With the high-speed development of decentralized applications, account-based blockchain platforms have become a hotbed of various financial scams and hacks due to their anonymity and high financial value. Financial security has become a top priority with the sustainable development of blockchain-based platforms because of an increasing number of cyber attacks, which have resulted in a huge loss of crypto assets in recent years. Therefore, it is imperative to study the real-time detection of cyber attacks to facilitate effective supervision and regulation. To this end, this paper proposes the weighted and extended isolation forest algorithms and designs a novel framework for the real-time detection of cyber-attack transactions by thoroughly studying and summarizing real-world examples. Furthermore, this study develops a new detection approach for locating the compromised address of a cyber attack to resolve the data scarcity of hack addresses and reduce time consumption. Moreover, three experiments are carried out not only to apply on different types of cyber attacks but also to compare the proposed approach with the widely used existing methods. The results demonstrate the high efficiency and generality of the proposed approach. Finally, the lower time consumption and robustness of our method were validated through additional experiments. In conclusion, the proposed blockchain-oriented approach in this study can handle real-time detection of cyber attacks and has significant scope for applications.

Introduction

As a new decentralized infrastructure and disruptive core technology, the public blockchain technology has piqued the interest of researchers,Footnote 1 and the number of academic studies on blockchain is growing rapidly (Xu et al. 2019).

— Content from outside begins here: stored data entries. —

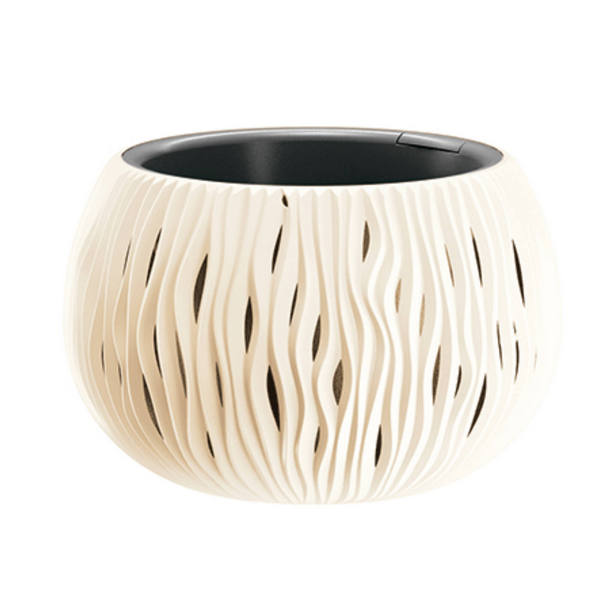 Вдохновением для создания круглых горшков для цветов из серии Sandy послужила традиционная керамика ручной работы. Декоративный вид горшков подчеркивается эффектными вертикальными зубцами. Благодаря классическому и чистому исполнению, он является эксклюзивным дополнением любого интерьера, а также садов и террас. Изготовлен из качественного, легко моющегося материала, устойчивого к морозам и неблагоприятным погодным условиям. Модель состоит из двух предметов: внутренняя емкость для посадки растений и внешняя декоративная.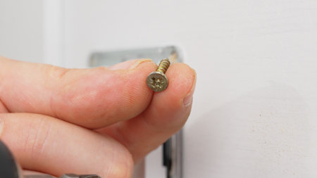Close-up hand holds a self-tapping screw and a screwdriver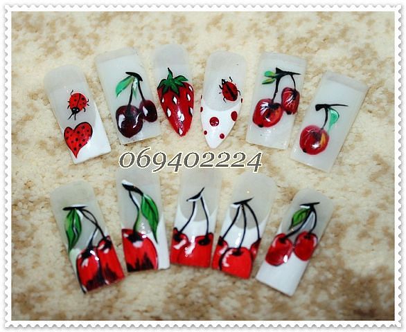 8. Այսպես դեռ ժամանակ ունես, կարող ես շատ հետաքրքիր գործով զբաղվել, երեւակայությանդ մի քիչ զոռ տուր, եւ ինչ որ հետաքրքիր մանիկյուր արա, ասենք օրինակ ձմերուկներ նկարիր եղունգներիդ կամ բալ, դրանք ամառային այս թեմատիկայով են: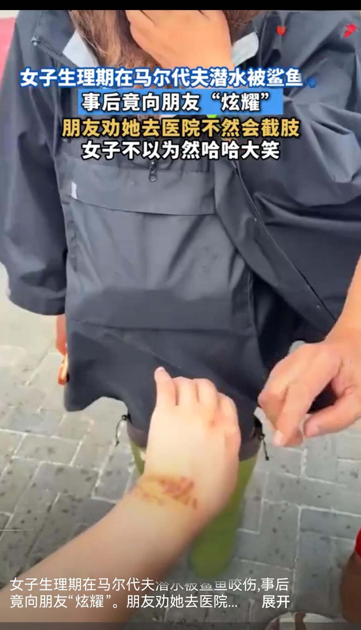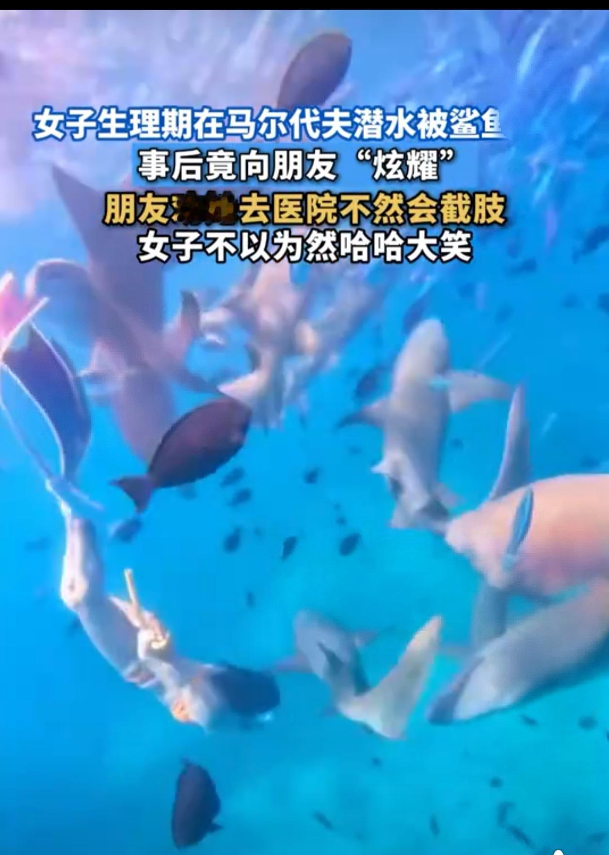 人怎么可以显摆到这种程度。一位女子生理期在马尔代夫潜水被鲨鱼咬伤,事后竟向朋友“炫耀”。朋友劝她去医院不然会截肢,她却哈哈大笑。这人是愚蠢呢还是疯了呢?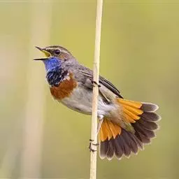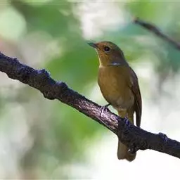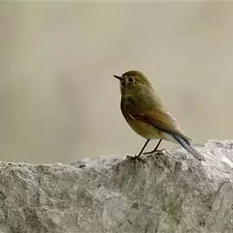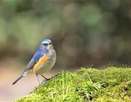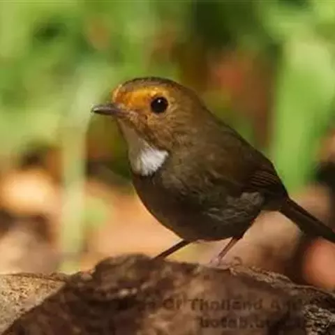 日本歌鸲:体型小似麻雀,但羽毛颜色较为美丽。嘴细长,嘴须不发达;翅短圆,上体草黄褐;雄鸟喉部橙棕色,…

According to Fang et al. (2022), Ethereum has become the mainstream blockchain platform for public blockchains, accounting for most of the total market capitalization. Currently, Ethereum is the largest decentralized open-source blockchain system that provides Turing-complete programming language to develop smart contracts. In consequence, several decentralized applications (dapps) based on smart contracts, such as Uniswap,Footnote 2 Aave,Footnote 3 and PanacakeSwap,Footnote 4 have emerged, and they have been applied to many areas, especially finance, arts, and collectibles. However, with the proliferation of dapps on the public blockchain, the account-based blockchain platforms have become a breeding ground for various financial scams and hacks due to their anonymity and enormous financial values. Cyber attacks and illegal activities are increasing on the account-based blockchain platforms (e.g., Ethereum,Footnote 5 Binance Smart ChainFootnote 6 (BSC), and SOLANAFootnote 7). Furthermore, according to the Rekt database,Footnote 8 over $1.9 billion have been lost in 161 attacks on the decentralized application in 2021, indicating that cyber attacks have been a critical issue for the public blockchain. As the anonymity of blockchain provides convenience for hackers, an increasing number of financial regulators are attempting to strengthen blockchain supervision in various countries (Sebastião and Godinho 2021). Facing this issue, this paper aims to propose a general and real-time approach to detect cyber attacks to facilitate effective supervision and regulation in the field of the public blockchain.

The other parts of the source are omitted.